Past downside fixing, MathNet introduces a search benchmark that asks whether or not a mannequin can acknowledge when two issues share the identical underlying mathematical construction. This is a crucial function each for AI improvement and for the arithmetic neighborhood itself. Through the years, practically duplicate questions have appeared on the precise IMO examination. It is because discovering mathematical equivalence between completely different notations, languages, and codecs is extraordinarily troublesome, even for a panel of human consultants. The researchers examined eight state-of-the-art embedding fashions and located that even probably the most highly effective embedding fashions have been in a position to establish appropriate matches solely about 5% of the time on the primary attempt, and that the fashions ranked structurally unrelated issues extra usually as comparable than equal issues.

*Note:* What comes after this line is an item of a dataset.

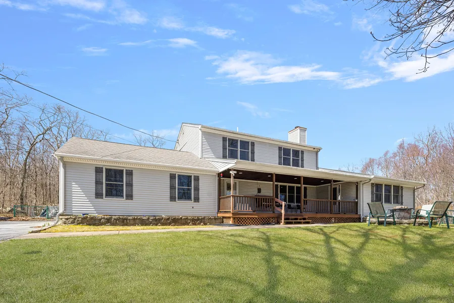 Welcome to this stately colonial, situated on 2.26 peaceful acres off Old Mountain Trail in Richmond. A stone wall entrance and winding driveway set the tone for this impressive 3,000+ square foot home, where elegant design meets comfortable living. The heart of the main level features a well-appointed kitchen with granite countertops and stainless-steel appliances that flows into formal dining and an intimate sitting area. Here, you'll find a zero-clearance fireplace with built in Waterford Wood Stove surrounded by built-in bookcases. The expansive living area steals the show with its cathedral ceilings, skylights, cozy pellet stove, and convenient wet bar. A separate wing with private entrance offers perfect in-law suite potential while maintaining connection to the main home. Upstairs, two bedrooms share an oversized full bathroom, while the primary suite provides a private retreat with its own bathroom and balcony overlooking the serene grounds. The outdoor space is truly special - featuring a large wood deck accessible from multiple rooms, an inviting in-ground saltwater pool, a custom-built brick cooking area for outdoor grilling, and a covered farmer's porch perfect for morning coffee. The private fenced backyard, complete with a soothing water feature, irrigation system, beautiful plantings, and borders open space - ensuring your piece of tranquility for years to come.

This dataset additionally features a search growth era benchmark that assessments whether or not efficiency could be improved by presenting a mannequin with structurally associated issues earlier than asking it to resolve a brand new downside. However provided that the issue retrieved is really related. DeepSeek-V3.2-Speciale improved efficiency by as much as 12 proportion factors for matching searches, however degraded efficiency for unrelated searches in about 22 % of circumstances.
Alshammari co-authored the paper with Safaei, HUMAIN AI engineer Abrar Zainal, KAUST Academy director Sultan Albarakati, and fellow MIT CSAIL grasp’s pupil Kevin Wen SB ’25. Microsoft Principal Engineering Supervisor Mark Hamilton SM 22 years, PhD 25 years. and Professors William Freeman and Antonio Torralba. Their analysis was funded partially by a Schwarzman Faculty of Computing Fellowship and the Nationwide Science Basis.
MathNet is printed at: mathnet.csail.mit.edu.